Kyrgyzstan has taken another step toward making digital assets part of its national payments story after President Sadyr Japarov said the country’s newly launched som-pegged stablecoin, KGST, is now listed on Binance.
In a post shared on X on Wednesday, Japarov linked the KGST listing to a broader goal: making cross-border payments smoother and connecting Kyrgyzstan more deeply with the global crypto ecosystem.
Former Binance CEO Changpeng “CZ” Zhao also commented publicly, suggesting that more nation-backed stablecoins are likely to arrive on the exchange over time.
Kyrgyzstan’s outreach to Zhao is not new. Cointelegraph reported that Zhao began advising the country in April under an arrangement focused on technical expertise and consulting. Binance has also publicly discussed a memorandum of understanding tied to supporting Kyrgyzstan’s crypto and blockchain ecosystem.
Binance listing follows Kyrgyzstan’s stablecoin and reserve plans
The KGST listing on Binance lands as Kyrgyzstan signals a more active stance on digital asset policy.
Cointelegraph described the country as increasingly supportive of crypto, pointing to steps in September to advance legislation that would expand the digital asset industry and explore a state crypto reserve framework.
Alongside KGST, Kyrgyzstan has also moved on stablecoins beyond its local currency. The country recently launched USDKG, a US dollar pegged stablecoin backed by physical gold, issued on the Tron network with an initial supply of 50 million tokens. There are also plans to expand the token to Ethereum.
These developments place Kyrgyzstan among a small but growing set of jurisdictions experimenting with state-linked tokens and regulated rails for crypto adoption, especially in payment and settlement use cases.
Local currency stablecoins grow as the market crosses $308 billion
While US dollar stablecoins still dominate the sector, Cointelegraph noted that more countries and major institutions are exploring stablecoins tied to their domestic currencies.

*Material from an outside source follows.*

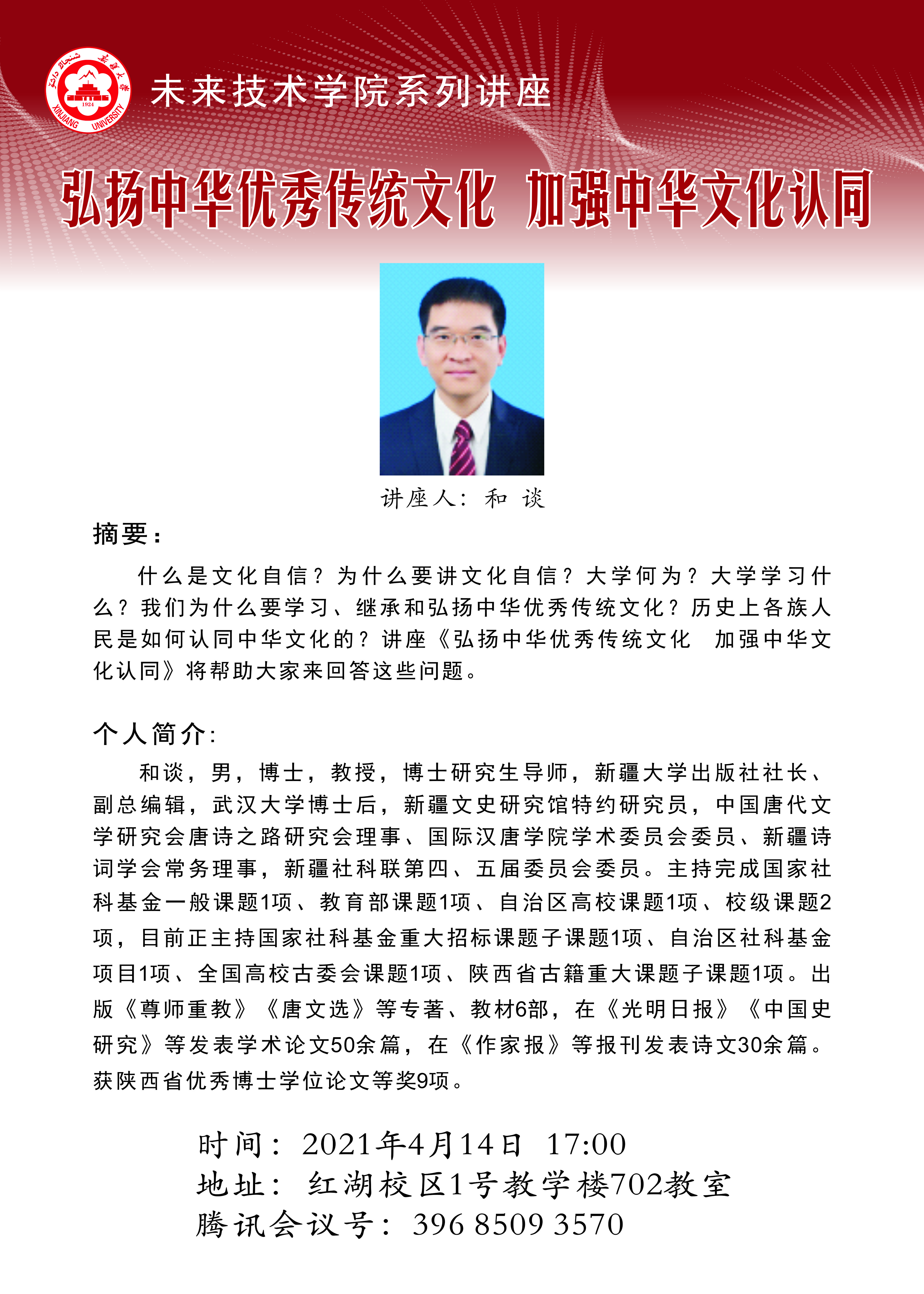 皇冠体育注册未来技术学院系列讲座——弘扬中华优秀传统文化 加强中华文化认同

Recent examples mentioned include Japan-focused initiatives around yen-linked stablecoins, plans by European banking groups for euro-denominated tokens designed to align with the EU’s Markets in Crypto-Assets framework, and exploration of a dirham-pegged stablecoin for consumer payments in the UAE
This experimentation is happening as the overall stablecoin market remains large. DefiLlama data showed total stablecoin market capitalization at about $308.9 billion as of Wednesday.
For Binance, listings like KGST highlight how exchanges are increasingly becoming distribution points not only for private stablecoins, but also for tokens linked to governments, banks, or state-backed initiatives. For Kyrgyzstan, the KGST presence on Binance signals intent: the country wants a place in the next phase of cross-border payments where stablecoins, compliance, and on-chain settlement are converging.